British psychologist Adrian Raine criticised the show, arguing that it "encourages deceitfulness", and that many of its contestants are celebrated for displaying "characteristics of psychopathy". In a review of another ITV quiz show—The Colour of Money—Charlie Brooker criticised Golden Balls rules, saying that "[Golden Balls] has more rules and clauses than the European Convention on Human Rights".

==Home versions==
A video game was released on the Nintendo DS and Wii platforms, and another version for mobile devices was released in November 2008 by Mindscape.
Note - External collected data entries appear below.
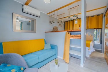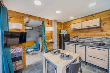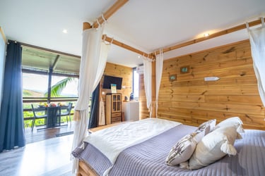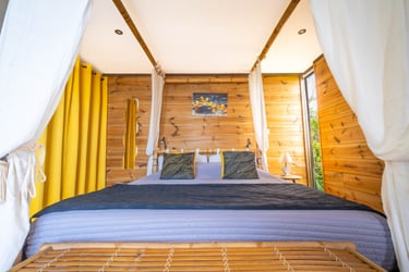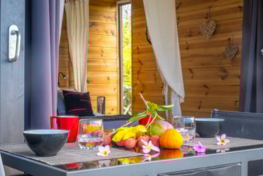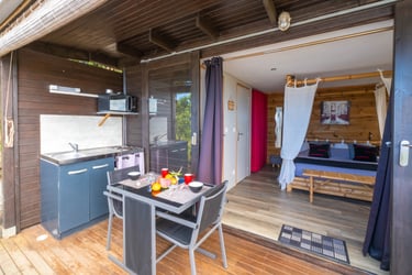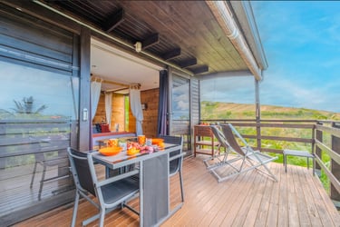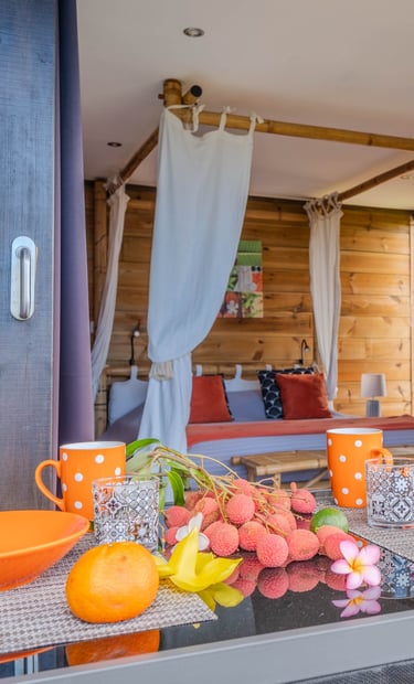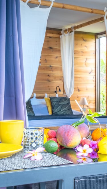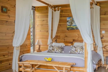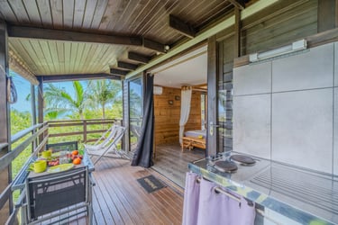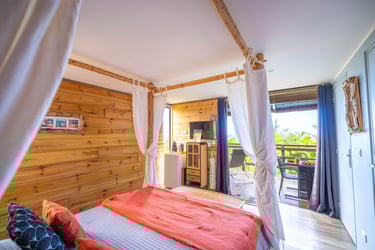 Le bungalow Manguier, aux nuances de vert apaisantes, vous plonge dans une ambiance sereine, parfaitement accordée à la nature environnante. Depuis votre terrasse de 11 m² avec kitchenette équipée, profitez de cet écrin de verdure. À l’intérieur, un espace raffiné et pratique vous attend : lit à baldaquin, douche à l’italienne et rangements ingénieux. Un véritable cocon, parfait pour une parenthèse romantique.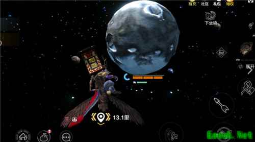 4、到达太空看到白色巨大星球后就可以登陆了。
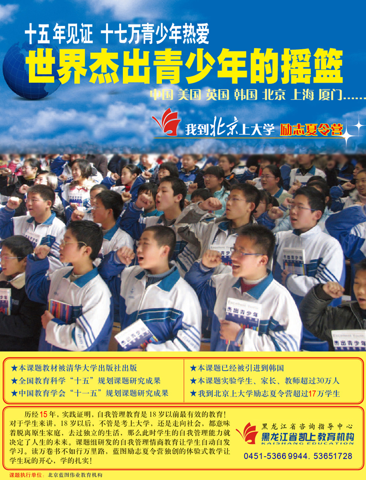 由国内知名教育专家黄泰山老师创办的中国第一品牌夏令营蓝图系列“我到北京上大学”已有15年历史,截止目前已有17万名青少年参加!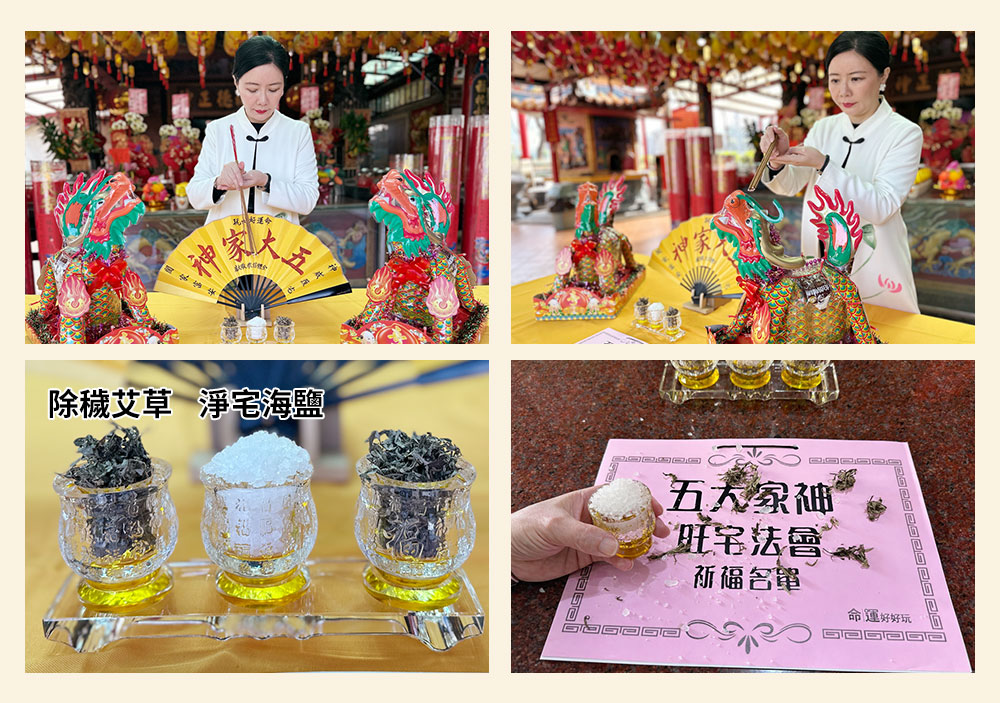 特別選用極具驅邪能量的「除穢艾草」與「淨宅海鹽」,針對每位報名信眾所提供的地址進行精確的迴向祈福儀式。透過法力深度洗滌家宅中堆積的負面磁場與穢氣。迎請五大家神與瑞獸麒麟鎮守入宅,有效化解室內外的風水禁忌與流年煞氣,重新校正受損的家宅能量。徹底淨化淤塞的氣場,進駐財星與福氣。打通家運脈絡,達到「家旺、人旺、事業旺」的圓滿境界!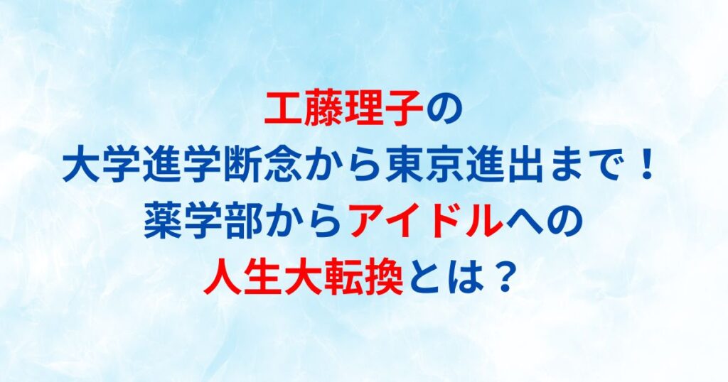 工藤理子の大学進学断念から東京進出まで!薬学部からアイドルへの人生大転換とは?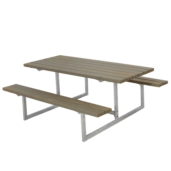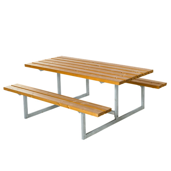 Basic picknickbord har ett underrede av varmgalvaniserat stål samt brädor som finns i flera olika träslag och grundmålade kulörer.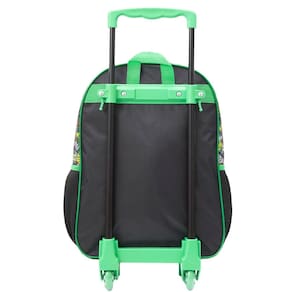 Mochila de rodinha: Confeccionada em poliéster Possui a frente em pvc estampada Rodinhas em gel Bolso lateral para garrafa Alça carrinho regulavél

In 2008, an interactive DVD game was released by Channel 4. Other versions include an electronic board game in 2007 and a card game in 2008.

== International versions ==
An Argentine version aired on América Televisión in 2008, hosted by Horacio Cabak.
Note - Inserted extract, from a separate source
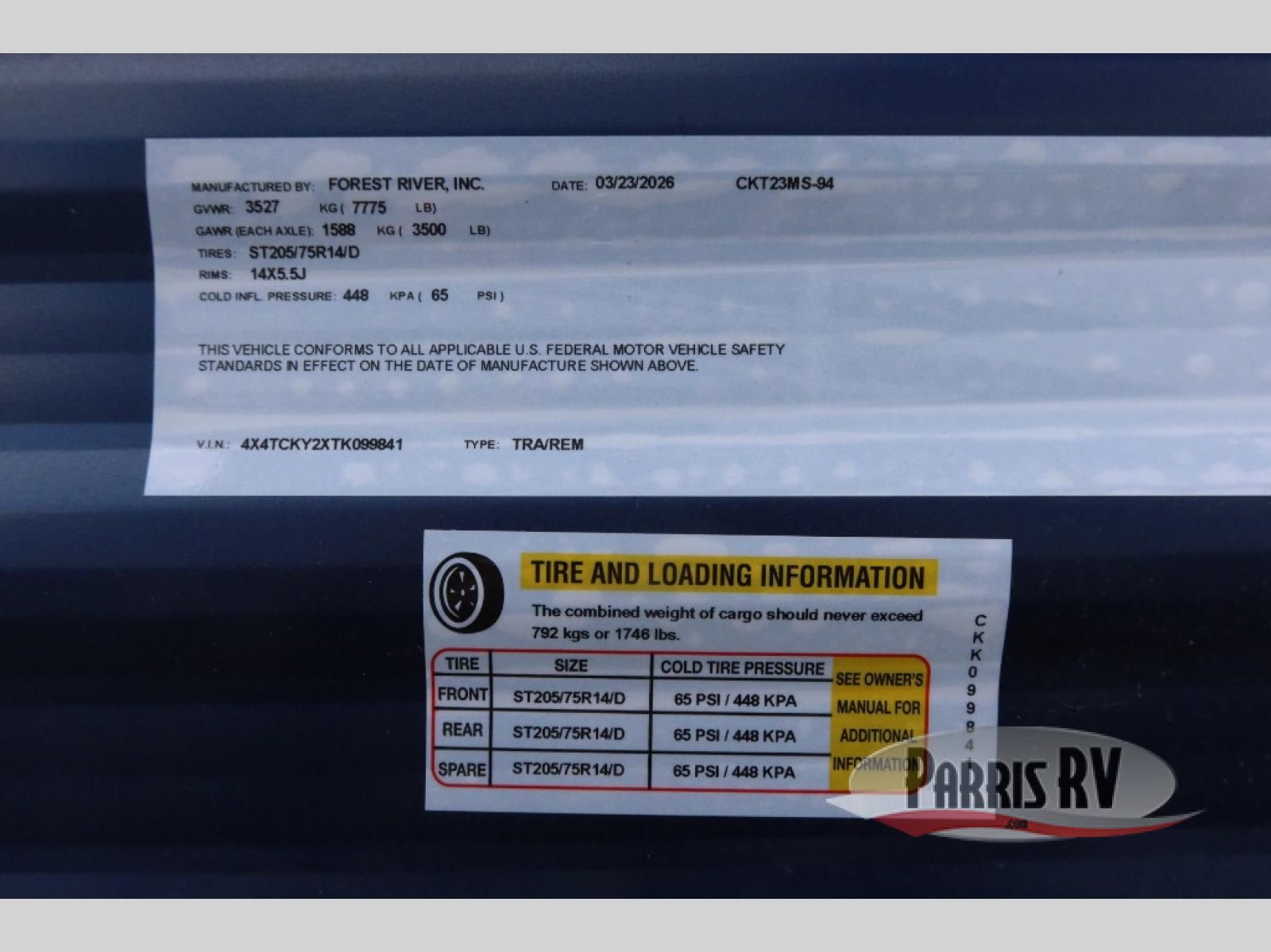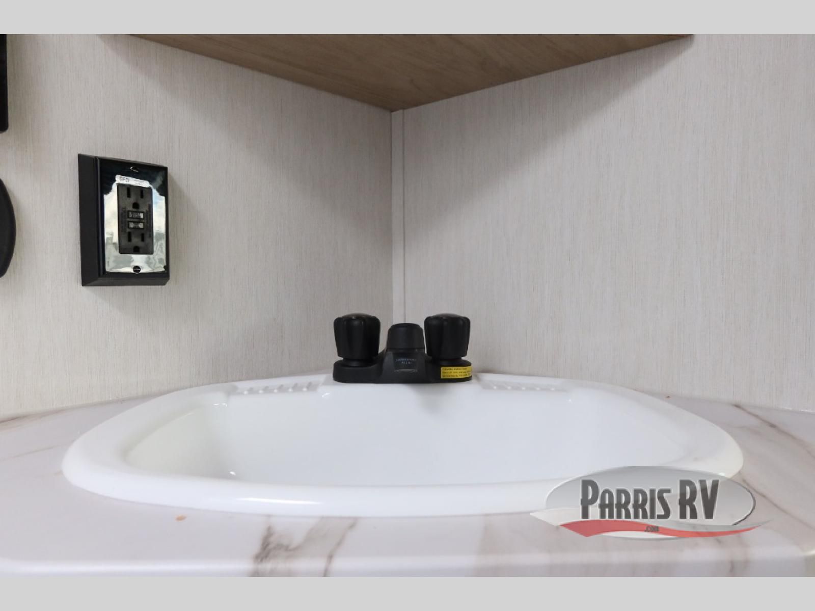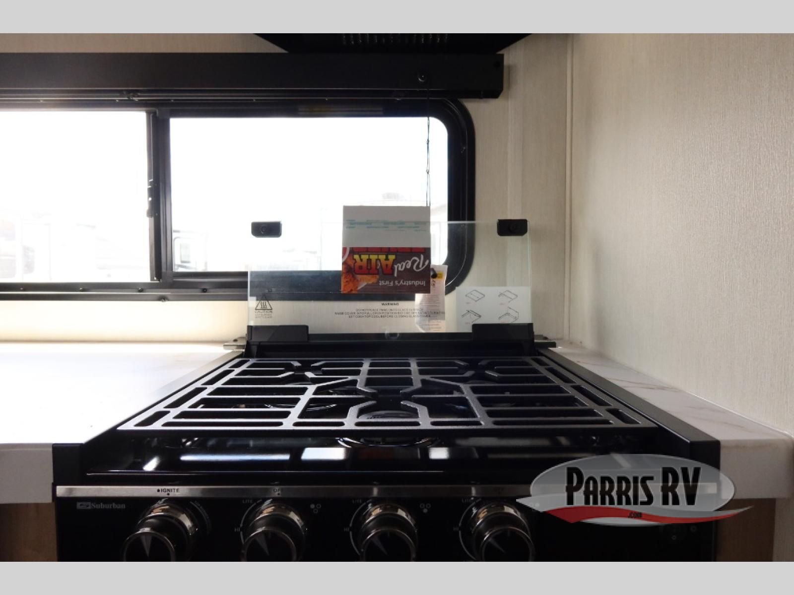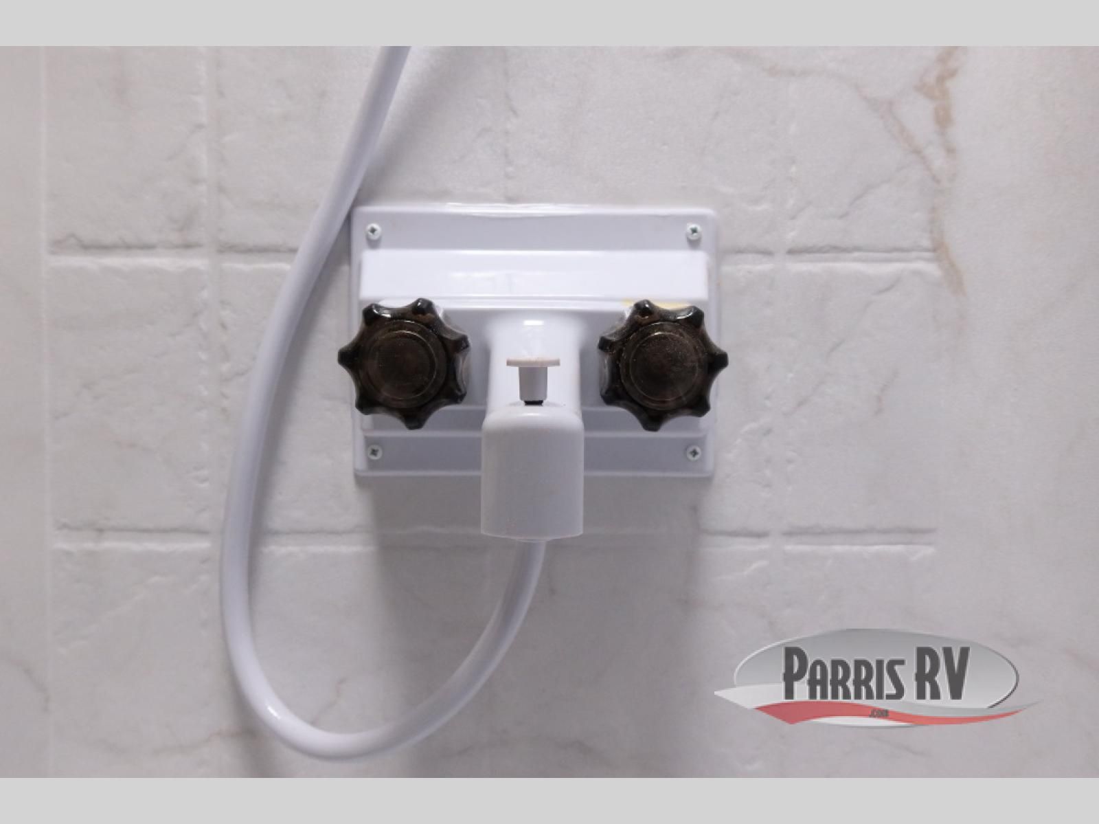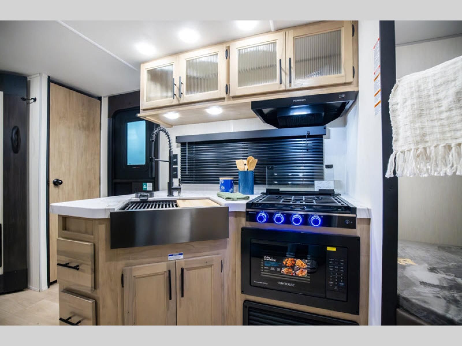 Enjoy time at the campground in this spacious travel trailer with a front private bedroom and double-size bunks for guests! The front bedroom has a wardrobe and shelf for you to store your clothing and essentials. The full interior kitchen and outside kitchen will let you make meals each day, and everyone can dine around the U-shaped dinette, which can service as extra sleeping space if needed. Or dine under the 15' awning outside! This unit also includes ample storage space, including hidden shelves behind the fireplace and outside storage!

| Country | Local name | Host(s) | Network | Year aired |
|---|---|---|---|---|
| Argentina | Golden Balls | Horacio Cabak | América Televisión | 2008 |

==See also==
The "Split or Steal?" game element, essentially a variant of the prisoner's dilemma, has been used in other game shows, including:

- Shafted, a previous Endemol production.
- Friend or Foe? an American game show.
- De Verraders, a Dutch game show. During the series finale, if both remaining players chose to steal, the last player eliminated before them won the entire jackpot.
- The Bank Job, a British game show distributed by Endemol Shine Group. In the final episode of each series, if the last two remaining players chose "Trash" (the show's equivalent of Steal), the jackpot was divided among the three players who had been eliminated during that episode.